The topic is of heightened public interest though – sadly, local and national media have not always reported these deaths within the guidelines set out by the Samaritans. It is also of governmental concern. At the end of last year, Jeremy Hunt urged universities to respond to the steep rise in student suicides in England and Wales which he indicated have nearly doubled since 2007. The number is misleading – the Office for National Statistics does report an increase in deaths by suicide in full-time students in England and Wales from 2006 until 2016 but over the same period entrants to full-time first-degree, postgraduate taught and postgraduate research courses have also increased considerably (by 31.2%, 30.5% and 25.7% respectively) – it is the rate (per 100,000) that matters. But the Secretary of State's message is nonetheless important. There is much that can be done. As he went on to point out in the same article, big improvements in response and prevention can only be achieved on the basis of accurate and reliable data. Producing a robust national dataset remains challenging – relying as it does on coroners' verdicts which are susceptible to misreporting of student status. The ONS is currently working with HESA to link national aggregate records, work that will report in Spring 2018.
This week Universities UK launches a further research project in partnership with the University of Worcester to improve our understanding of student suicide to enable better prevention and response. A survey of UUK members elicits data about the incidence of student suicide and current suicide prevention strategies across the sector. Because of the highly sensitive nature of this information, individual organisations will not be attributed in the analysis and the research will only report aggregate data and general trends. The project has the support of the Department of Health, Public Health England and the Office for National Statistics.
Why is this important? Firstly, because there is much that universities can do to improve how they respond to deaths by suicide. There is significant variation in practice across the higher education sector and learning that could be drawn in from other sectors. For example, Business in the Community partnered with Public Health England to produce a suite of materials to help organisations support the mental and physical health and wellbeing of employees including an exemplary suicide postvention toolkit co-produced with the Samaritans. UUK is currently scoping co-producing a similar postvention toolkit for universities.

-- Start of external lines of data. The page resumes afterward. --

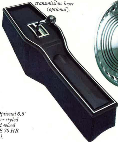
Console mounted automatic 3-speed transmission lever (optional).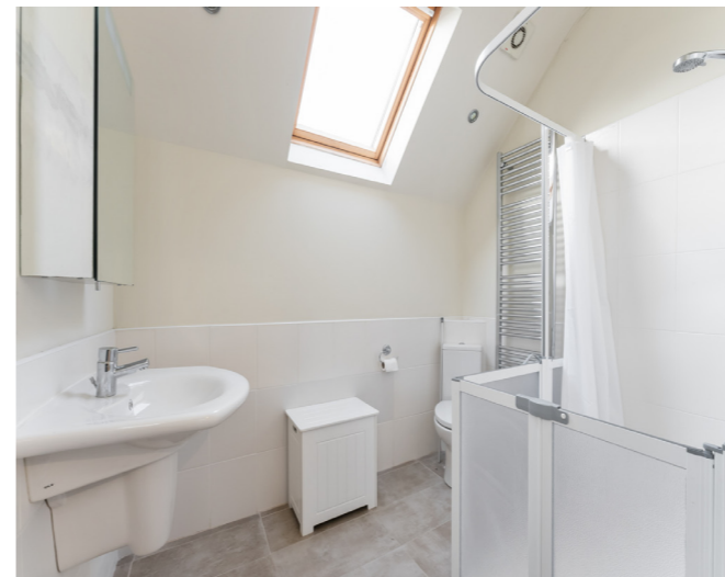
Shower room with easy access shower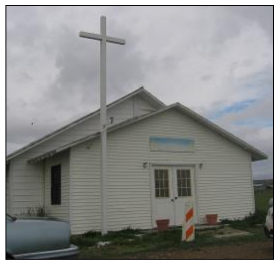
Red Eagle Memorial Church, Ft. Kipp, Montana

For a third year in a row, we are planning to travel to the northeastern corner of our state to be with brothers and sisters in Christ on the Ft. Peck Reservation. Dakota Presbyterian Churches and First Presbyterian Church of Poplar have welcomed our group with warm hospitality and eagerness to share their lives and culture. This year, we have been asked to map and document the cemetery associated with the Red Eagle Memorial Church at Ft. Kipp. In addition, we will complete some "fix-up" projects and spring yard work around the church. The cemetery work is indisputably "Holy Ground" work. Receiving hospitality helps us recognize Christ in our midst.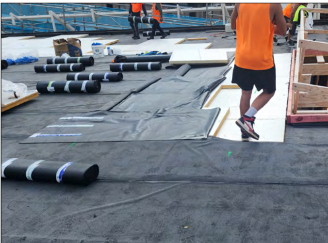
Base sheet mechanically fastened over Equus PIR insulation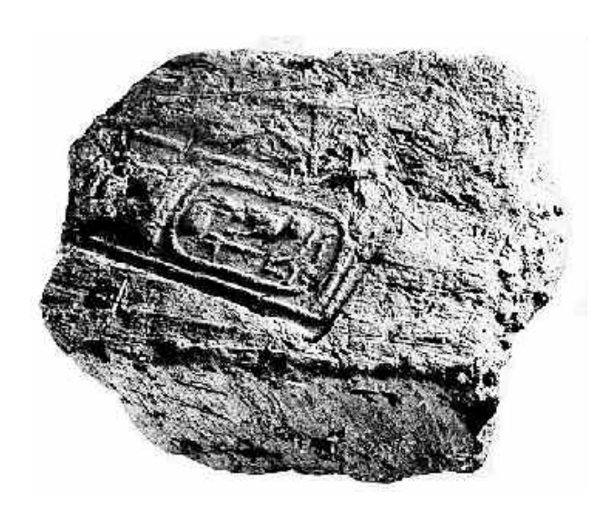
Egypt: Ramses II cartouche on a sun-dried mud and straw brick. Dynasty 19, 1279 – 1212 BC

WIPO ASEAN Seminar, Vivien Irish, NXT plc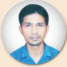
Mangaru Mundagadia Supportive Staff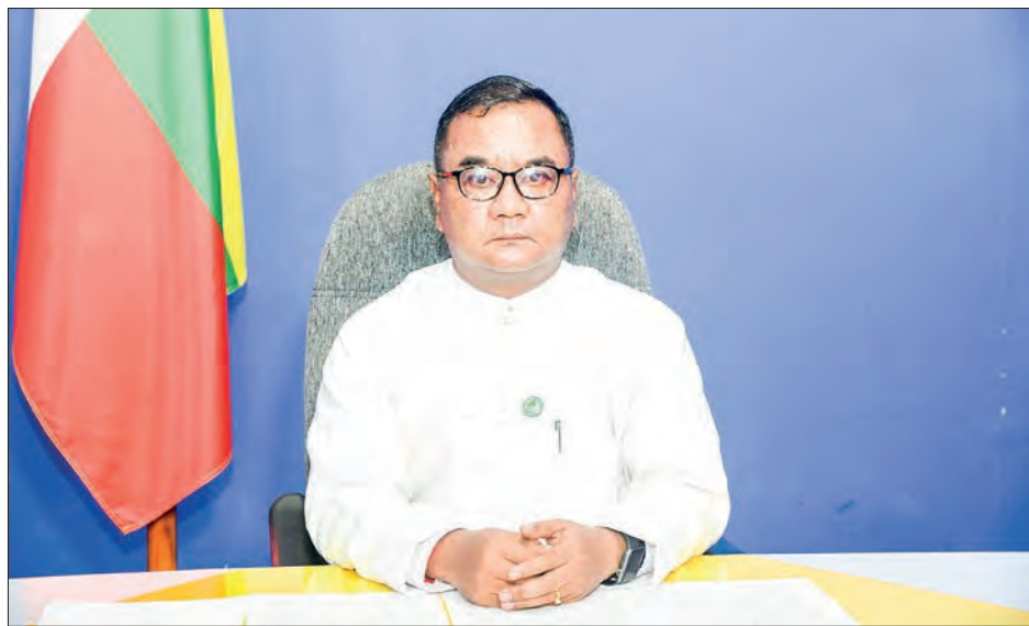
SAC's Information Team Leader Maj-Gen Zaw Min Tun.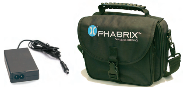
AC Power Supply and Carrying Case as standard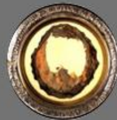
Lanciano Italy 750 AD

A Vatican sponsored exhibit highlighting 1800 years of Eucharistic Miracles created by Saint Carlo Acutis—as seen on EWTN.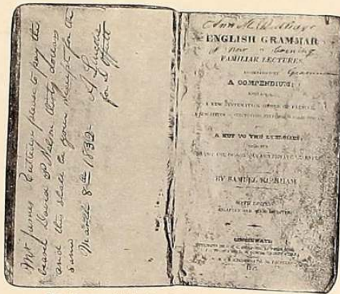
The Grammar Which Lincoln Studied as a Young Man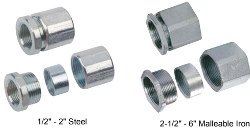
1/2" - 2" Steel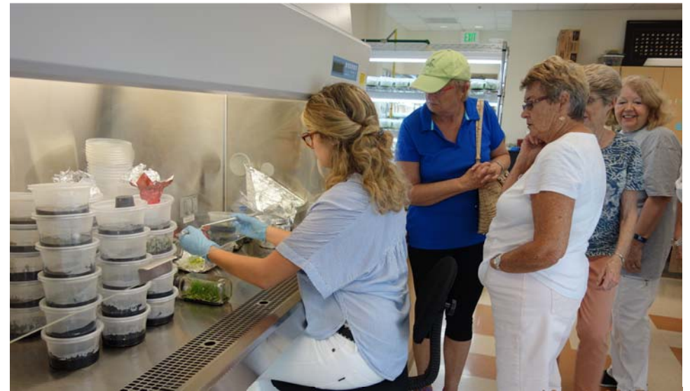
Two of their lab workers.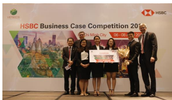
The Champion of HSBC Business Case Competition 2019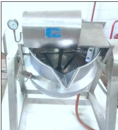
Figure1: Steam jacketed hemi spherical kettle

The scraper assembly of mechanized system is designed with vertical circular agitator with adjustable Teflon scraper blades. The inner shell has stainless steel of 30 mm diameter, which is coupled with 0.25 HP gear motor by motor coupling. There are two scraper blades separately supported by arms to the main shaft. The Teflon blades are adjustable to provide necessary clearance to fix it on the SS strip using nut and bolt. The design is such that the blades sweeps the product settled on the circumference of the inner shell as well as at the bottom of the hemispherical kettle. The design is made hygienic, to facilitate cleaning and to avoid any contamination.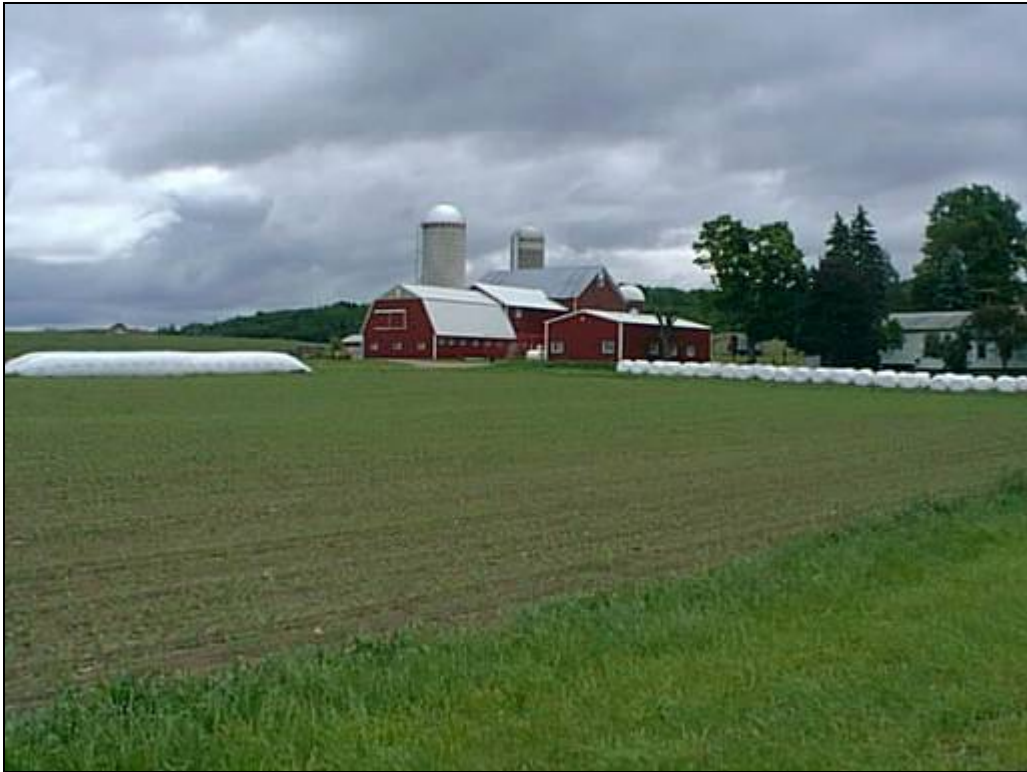
Oneida County.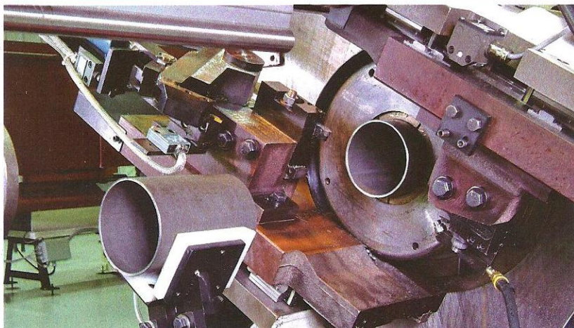
Lathe cutting and deburring.

Murphy and Nolan Inc. can handle any high-production or precision specialty lathe cutting project.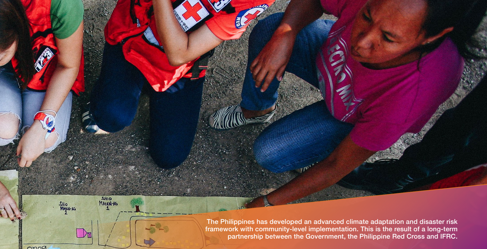
The Philippines has developed an advanced climate adaptation and disaster risk framework with community-level implementation. This is the result of a long-term partnership between the Government, the Philippine Red Cross and IFRC.

solutions are community-based solutions, and local actors, including Red Cross volunteers, should be at the core of its design and implementation.”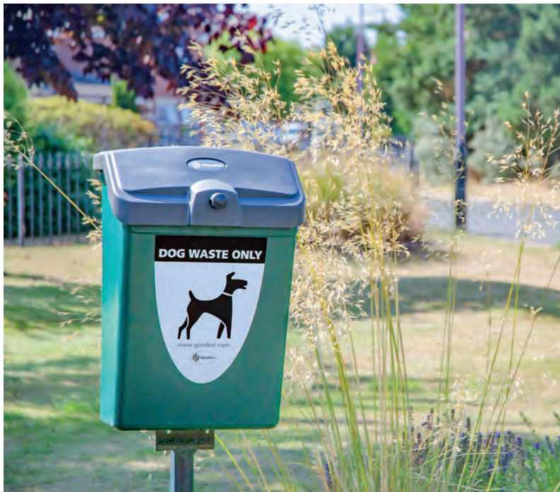
Fido 25™ Dog Waste Bin

To help keep pavements and open spaces clear of dog fouling, we produce a range of dog waste bins that are extremely strong and durable. Designed to be wall or post-mounted these dog waste bins are for outdoor use such as parks, public areas and leisure sites.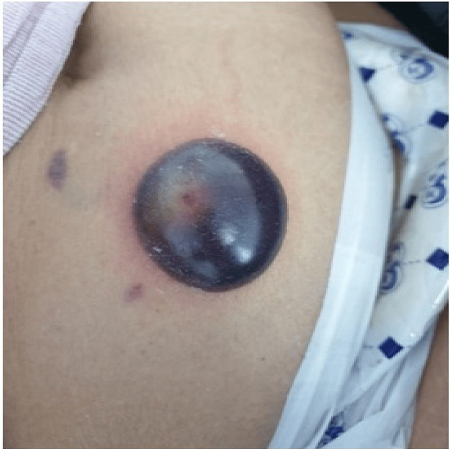
FIGURE 4: Day 14 of enoxaparin administration

Increase in the size of periumbilical bullae 4x5 cm in size.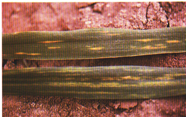
Fig. 2. Milder symptoms are seen as distinctive dashes or streaks in affected plants.

distinct mosaic patterns (Fig. 4). Very intense chlorotic areas may die and turn brown, often giving the appearance of Septoria leaf blotch. Stunting also occurs in infected plants, although it is usually mild.

Secondly, because so many of these deaths may be preventable. Jeremy Hunt recently announced a 'zero suicide ambition' for NHS and care settings.What would this ambition mean for universities? Certainly it would involve access to services for those in distress, both university-provided support services and statutory health care with effective local join up between the two. But, given that many students take their lives without contact with services, this must be a wider effort, from institutional safe guarding to looking after your mate, from mental health first aid training to the building of aware and compassionate communities. These must be whole organisation approaches that prioritise the issue of mental health including mental distress and instigate and sustain systematic improvement.
These themes and more will be explored at our event Understanding, preventing and responding to student suicide on 24 April 2018 at Woburn House.
Contact the Samaritans for free from any telephone on 116 123. You can call even if you don't have credit on your mobile, and the number won't show up on phone bills. You can also email firstname.lastname@example.org or go to https://www.samaritans.org/how-we-can-help-you/contact-us to find details of your nearest branch, where you can talk to one of their trained volunteers face to face.
If only so many of these strategies had a solid evidence base behind them. Sadly, many do not, and given we are in an academic environment, it's a little embarrassing. We must do more to prevent suicides, but we must be more evidence based in our approach.
I am very fortunate that my son returned home from university. After a catalogue of let downs by the student services and well-being services it could have been a very different outcome. My son DID ask for help but was asked for this form or that form completing. He was passed from one person to another. Despite our son telling he university he was ok for the university to contact us regarding anything to do with his well-being they failed to do so. He told student services he had spend hours and hours over days and weeks with a scapal over his wrist not wanting to be around anymore. No-one from the university thought this serious enough to get in contact with us. Thank goodness we know our son and knew he wasn't himself. It was seeing an article whilst googling the university that really hit it home to us. A student had commited suicide at the same universsity less than a year before. The article was from the mum saying how she had felt so badly let down by everyone at the university. We travelled the 6 hours to get our son and he came home. He was in a bad way. I do not understand why no-one at the university could see how desperate he was. The univesity never even bothered to contact him even after a week, they didn't know he had come home. He could have been dead in his accommodation for all they knew. The university took his money, put him into debt and quite frankly put his mental health in a worst state. They made him feel a burden, his own words. He withdrew 6 months ago. We are in the process of supporting our son in submitting a complaint to hopefully get some recompense and stop this happening to another student. The university's need to be more proactive witth the young adults they are working for. There departments need to communicate with each other, with outside agencies like GP's and support groups.